L'ambassade russe à Berlin. Les autorités allemandes menacent de "prendre d'autres mesures dans cette affaire" (photo : AFP).

Deux membres de l’ambassade russe en Allemagne, auquel le gouvernement allemand reproche de ne pas « coopérer » à l’enquête sur le meurtre d’un Géorgien à Berlin, doivent immédiatement quitter le pays.

« Les autorités russes, malgré des demandes répétées et insistantes de haut rang, n’ont pas suffisamment coopéré à l’enquête sur le meurtre de Tornike K. » en août dernier en plein coeur de la capitale, a expliqué mercredi le ministère des Affaires étrangères.

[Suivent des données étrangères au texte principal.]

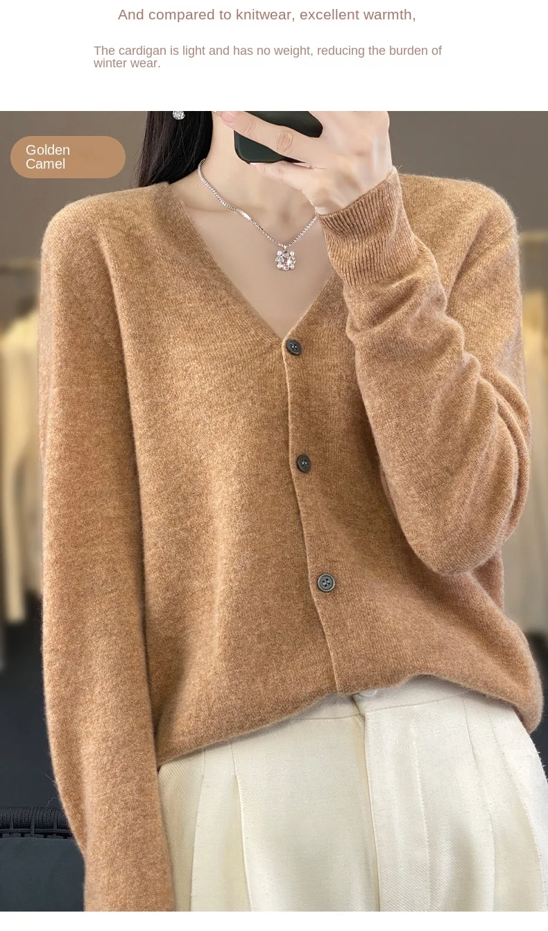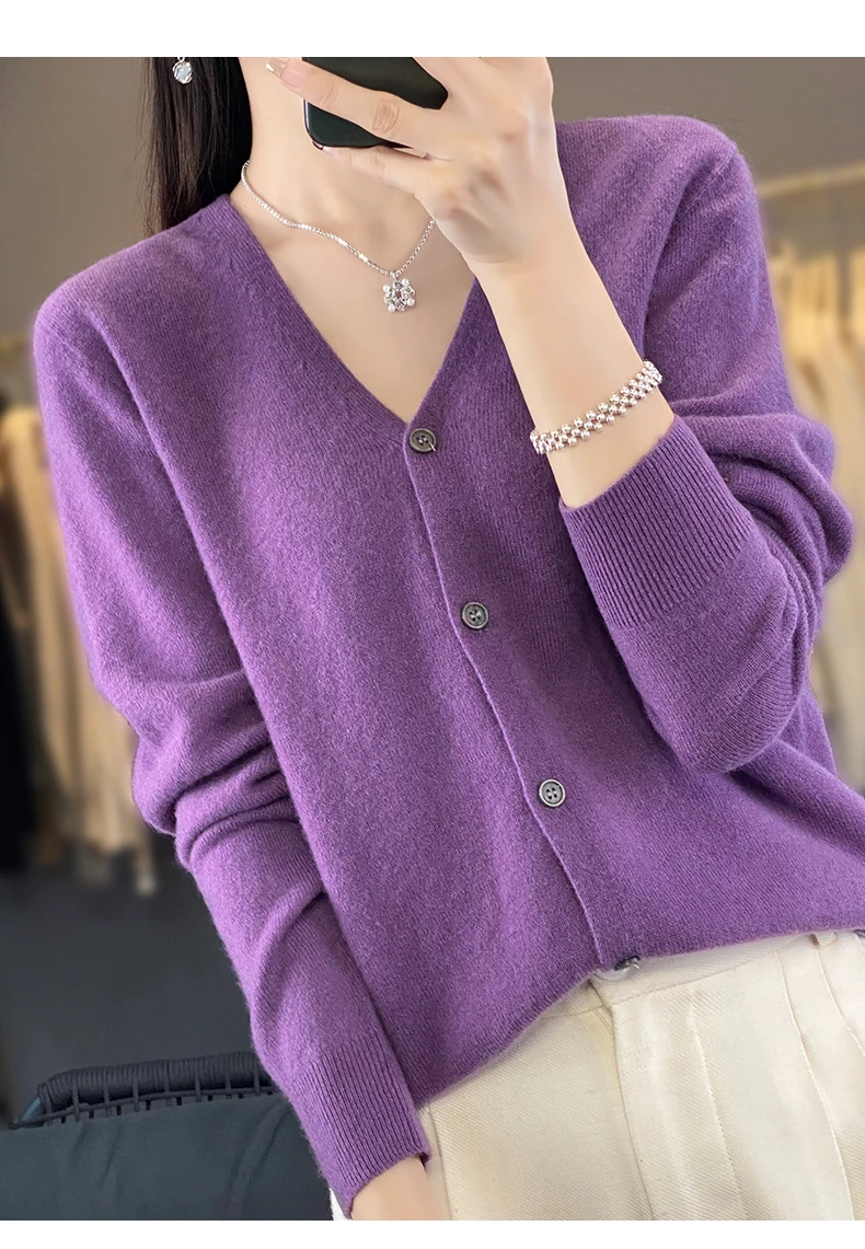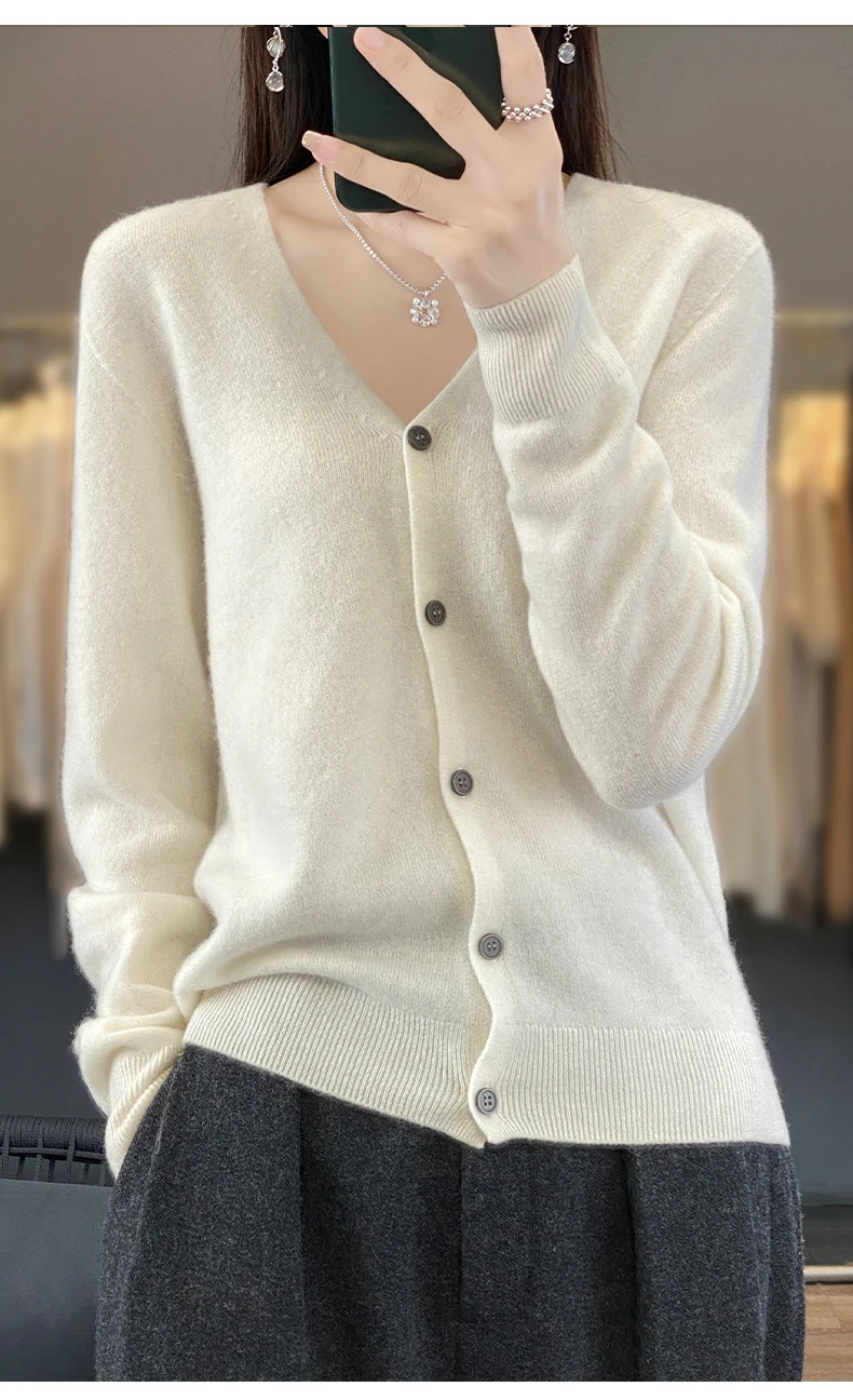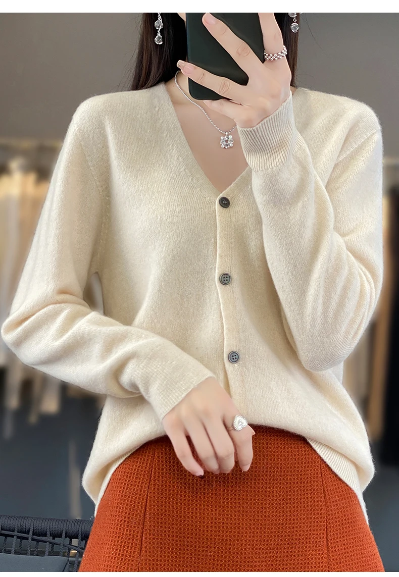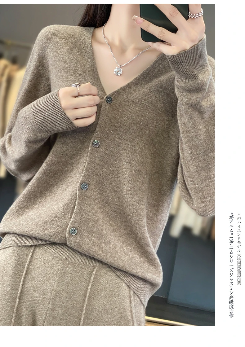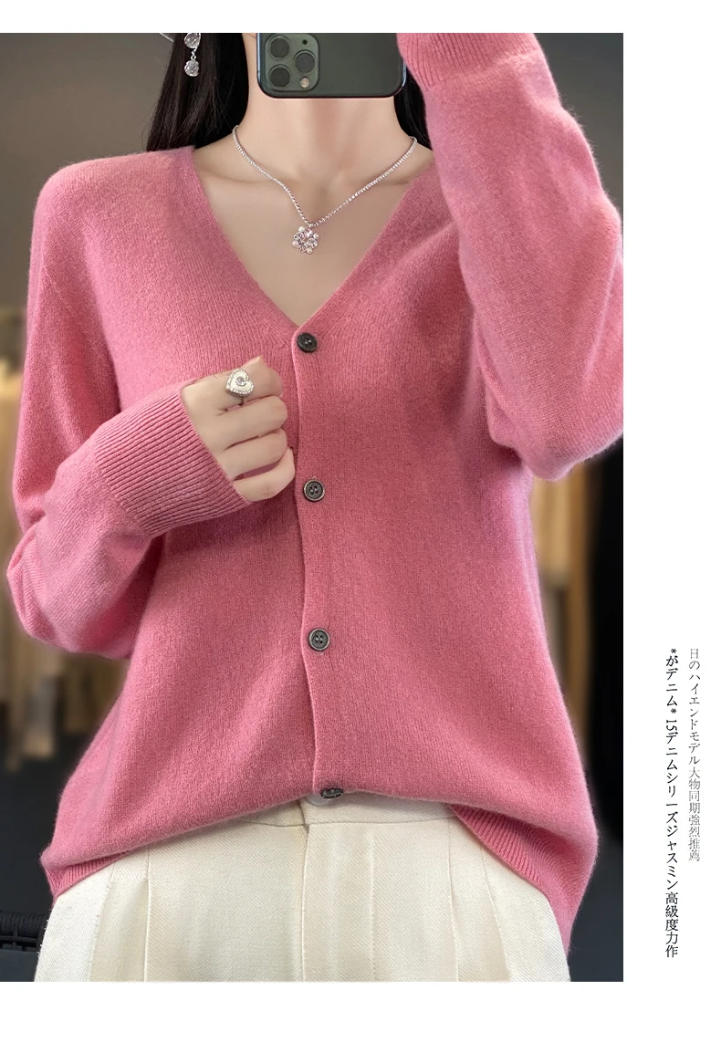 Autumn And Winter New Cardigan 100% Merino Wool Knitted V-neck Sweater For Women, Loose And Soft Cashmere Sweater WQ015

Le parquet fédéral allemand, chargé des affaires d’espionnage, s’était officiellement saisi quelques minutes plus tôt de l’enquête sur ce meurtre, dont le principal suspect est un Russe de 54 ans arrêté sous une fausse identité juste après les faits.

Pour cette autorité judiciaire, le crime a été commis « soit pour le compte d’entités étatiques de la fédération de Russie, soit pour celui de la République autonome tchétchène ». Considérant cette décision comme « inamicale et sans fondement », Moscou a dans la foulée prévenu que cette expulsion ne resterait pas sans réplique. Une ligne de défense similaire à celle de l’affaire Skripal, du nom de cet ex-agent double russe empoisonné en 2018 à Londres, qui avait déclenché une crise diplomatique entre Londres et Moscou.

En marge du sommet de l’OTAN en Grande-Bretagne, Angela Merkel a expliqué qu’elle allait aborder le sujet avec le président russe, Vladimir Poutine, la semaine prochaine, lors de leur rencontre déjà programmée. Cette affaire n’aura « pas d’incidence » sur les discussions consacrées au processus de paix en Ukraine le lundi 9 décembre, impliquant aussi les dirigeants français et ukrainien, a-t-elle cependant assuré.

Un suspect déjà recherché pour un autre meurtre

Le 23 août, en plein jour dans un parc du centre de la capitale allemande, un Géorgien issu de la minorité tchétchène du pays, âgé de 40 ans et identifié comme Tornike K., a été tué de trois balles par une arme avec silencieux. Des témoins ont évoqué une « exécution ». Le suspect interpellé dans la foulée près des lieux du crime est depuis emprisonné à Berlin, où il garde le silence. Cet homme était détenteur de papiers d’identité au nom de Vadim Sokolov, 49 ans, qui ne figurait pas dans les bases de données russes. Il était entré en Allemagne, en passant par la France, trois jours avant le meurtre.

Il s’agirait en fait de Vadim Krasikov, 54 ans, qui a fait l’objet d’un mandat d’arrêt international de Moscou pour le meurtre présumé d’un homme d’affaires russe en 2013, affirment plusieurs médias. Des vidéos montreraient comment il s’approche de sa victime à vélo -comme à Berlin- avant de tirer dans le dos et la tête.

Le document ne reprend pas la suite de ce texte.